Friday, January 28, 2005

Today sucks….

And not in the general way that every day as a public servant sucks, this day is different. A summary…

My boss and the Troll (her secretary) call me via speakerphone last evening. BTW – in the history of phone calls, nothing good has ever come out of a speakerphone conversation with your boss. It goes something like this.

“Hi Mike, This is Tanis and Carol. You’re on speakerphone” oh oh….

“Umm...?” My rapier wit already in full effect.

“You have a pager that has been assigned to you for the last 4 years; it costs us $129 a month to support. Do you use it, and if not can you return it asap?”

Couple of things here – the first being, I have a pager? Who uses pagers still?

Second being… $129 dollars a month?!!? Is it gold plated? Can it pick up radio stations? This seems a bit high to me… never-the-less, I counter.

“I think I had a pager once, but during the last budget crisis I believe I turned it in. I’ll double check when I get home though just to be sure.” No sense being confrontational – especially when I’m not sure that I don’t have the pager. I mean honestly, who remembers these things?

At home, I peruse the Graveyard of Obsolete Technologies on the off-hand chance that I still have the pager. No luck. I swear I remember returning it to my old bosses’ secretary. Yeah, that’s what happened.
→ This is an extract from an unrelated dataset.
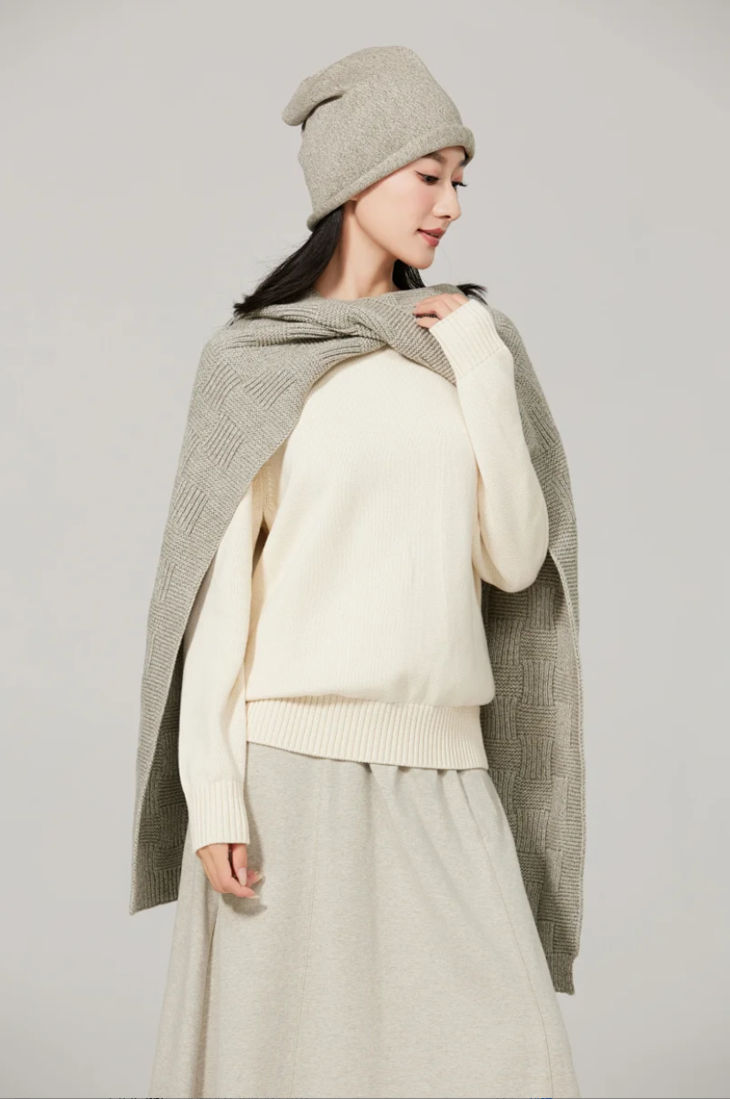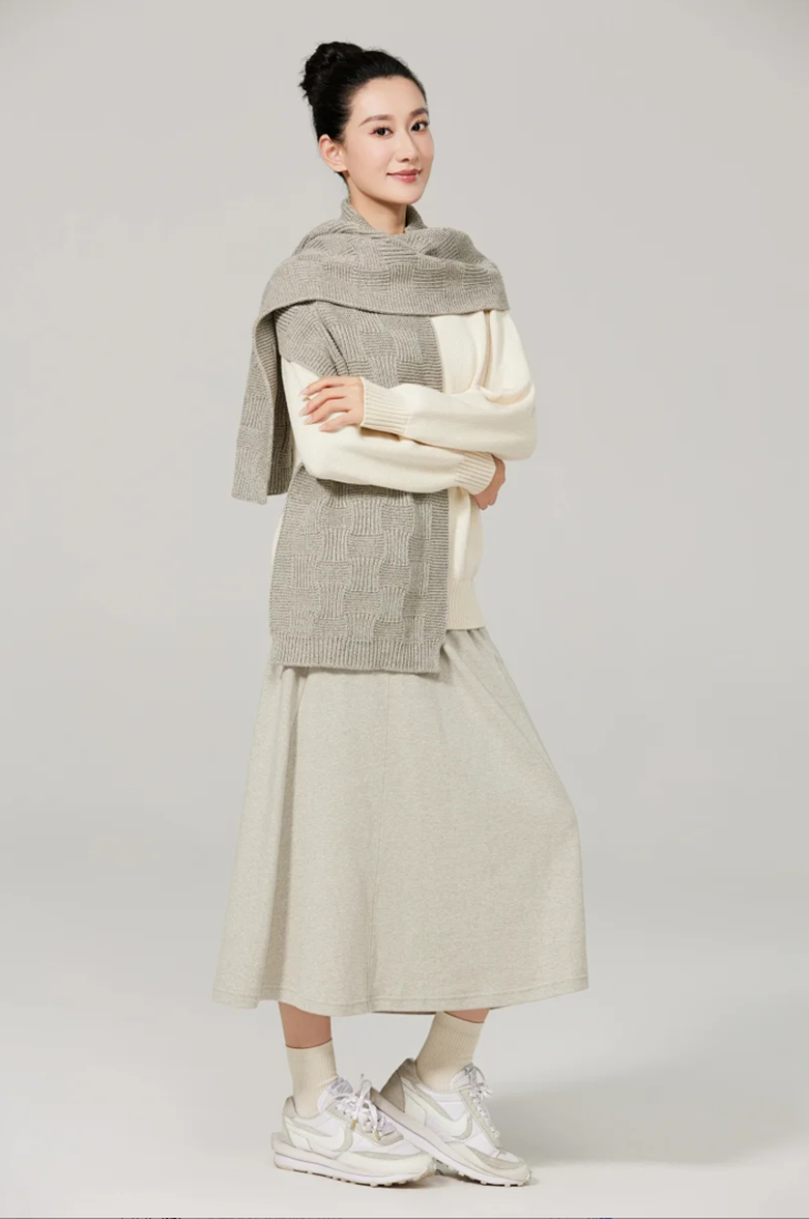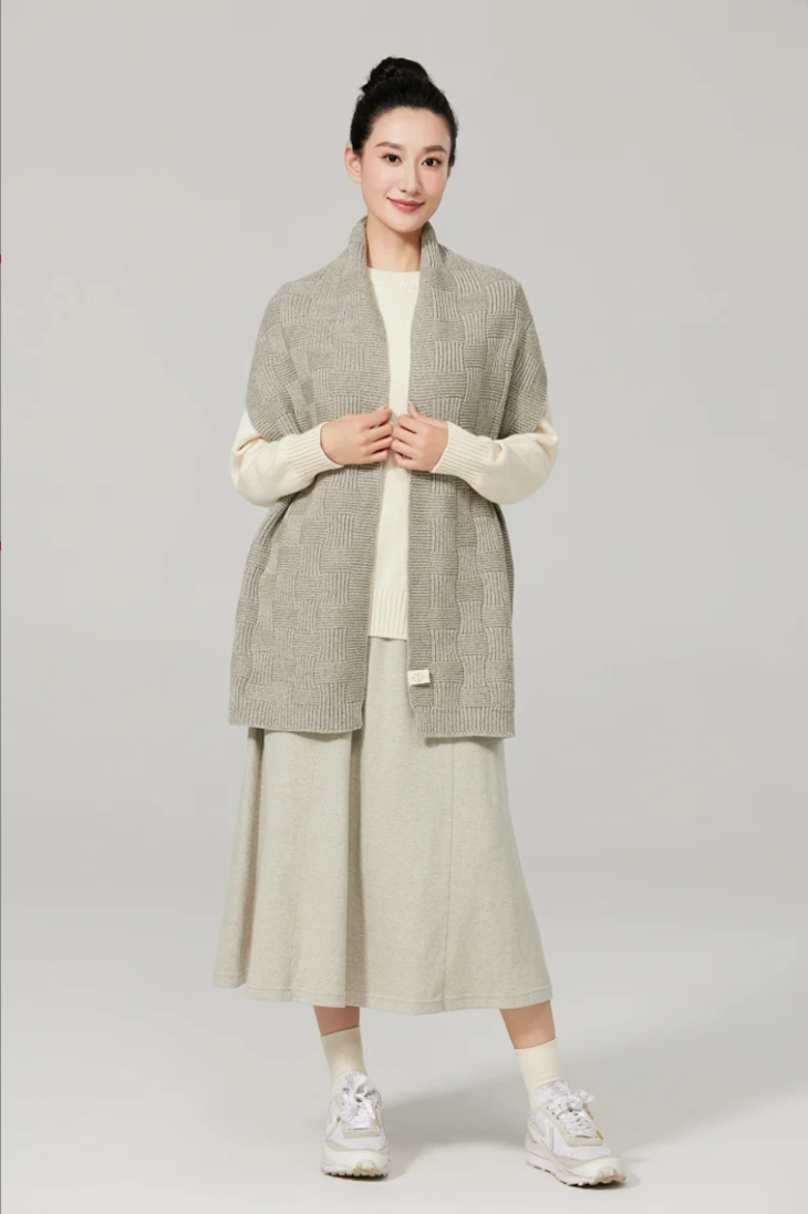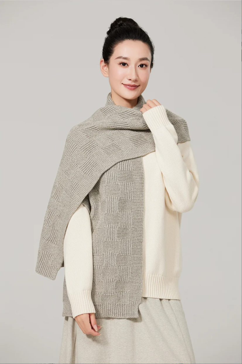 特选21支合股花灰纱线,柔软亲肤又有骨感,摸起来是那种软糯中带点韧劲的治愈触感。独创「错位格子织法」,通过经纬纱线错位交织,让围巾呈现出迷人的立体层次。远看有格纹的经典氛围,近看却藏着不规则的灵动细节!既保留了英伦风格的文艺感,又用高级灰叠加错位设计,营造出慵懒又优雅的日常氛围。

This morning I proceed directly to the Troll’s Lair, no sense wasting any time.

“Hey Carol, no luck on the pager, I’m pretty sure I turned it in two years ago.”

“You didn’t turn it in.”

It’s early, and I speak quickly. She must not have heard me.

“No, I mean I think I did turn it in, two years ago…I sorta remember giving it back when asked then.”

“You didn’t turn it in.”

Clearly she’s a word economist. I offer to help…

“What you mean to say, I’m sure… is that I didn’t turn it in ‘to you’. You weren’t the secretary back then, right?”

At this point she mumbled something incoherent about grinding my bones for bread and handed me some DIT-006-IOT form for lost toys. Super. It’s clear we’re on the same wavelength today.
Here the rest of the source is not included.